Ha trovato dei punti di contatto con Riccardo?
“E’ abbastanza distante da me, ma come sempre succede si fa riferimento al proprio vissuto. Anche se non ho mai fatto il presidente di un’Accademia, alcuni rapporti di potere li ho visti da altre persone e li ho riprodotti”.
Una delle tematiche della serie è l’amicizia, in questo caso tra donne sessantenni. Quanto è importante l’amicizia nella sua vita lavorativa e personale?
“Ho degli amici che sono al mio fianco da più di 60 anni, ci siamo conosciuti da bambini giocando con la paletta e il secchiello al mare, con alcuni abbiamo continuato a vederci, con altri ci siamo rivisti da grandi. L’amicizia si forma, si trasforma, a volte si rompe, poi si ritrova oppure nasce anche ad un’età adulta. Io ricordo ancora i volti di alcuni compagni di classe delle elementari a cui ho voluto molto bene e l’ordine alfabetico dell’appello delle medie. Spesso mi chiedo come siano diventati e dove si trovino ora, alcuni li ho anche cercati su Facebook. Secondo me l’amicizia maschile e quella femminile sono differenti e l’ho constatato avendo un figlio e una figlia che ora sono adulti. Quelle maschili erano molto semplici, fatte di sottintesi, di aiuti fisici, di poche parole, le amicizie femminili sono costruite invece sul parlare, sull’amore vero, a volte sul pettegolezzo, sui tradimenti, anche sulla diffidenza. Dal punto di vista lavorativo sul set nascono fortissime amicizie, si crea un rapporto cameratesco quasi vicino a quello scolastico”.
Nella foto Giorgio Tirabassi e Veronica Pivetti in “Balene”
Da attore quale tra gli aspetti che caratterizzano Riccardo è stato più divertente interpretare?
“Il contrasto iniziale tra Riccardo ed Evelina, anche la possibilità di fare dei piccoli dispettucci, tanto che speravo ce ne fossero un po’ di più (sorride). Ho trovato divertenti quelle schermaglie che poi lasciano il posto ad un’intesa, alla linea pseudoromantica, quindi c’è un ammorbidimento, che comunque fa sempre parte della commedia”.

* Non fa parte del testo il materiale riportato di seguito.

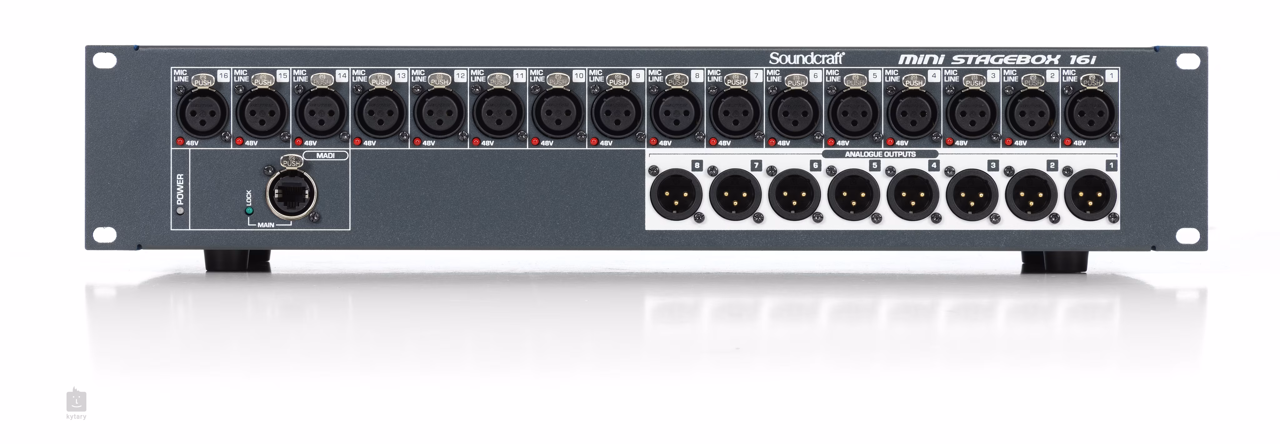 AudioRack Mini Stagebox 16i přináší jednoduché řešení pro pódiová zapojení a významně tak rozšiřuje možnosti Vi/Si digitálních mixážních pultů. Zabírá minimální potřebné množství místa (2U rack space), přitom poskytuje 16 mikrofonních/linkových vstupů a 8 linkových výstupů. K propojení s mixážními pulty pomocí kabelů RJ45/Cat5 slouží optické rozhraní MADI.

Ha lavorato per tanti anni con Gigi Proietti, che ricordo ha del maestro?
“Con Proietti mi sono formato sia artisticamente che umanamente. Ho iniziato a lavorare con lui poco più che ventenne e ho smesso quando sono diventato padre di mio figlio, avendo anche la possibilità di essere suo amico, perché abbiamo vissuto insieme per tanti anni, dalla mattina alla notte in cui trascorrevamo dei bei momenti suonando la chitarra. Io ho deciso di fare l’attore dopo aver visto A me gli occhi please con Gigi Proietti. Avevo 17-18 anni e ne sono rimasto folgorato. Ritrovarmi sul palcoscenico con lui cinque anni dopo è stata la realizzazione di un sogno”.
Qual è l’insegnamento più importante che le ha trasmesso?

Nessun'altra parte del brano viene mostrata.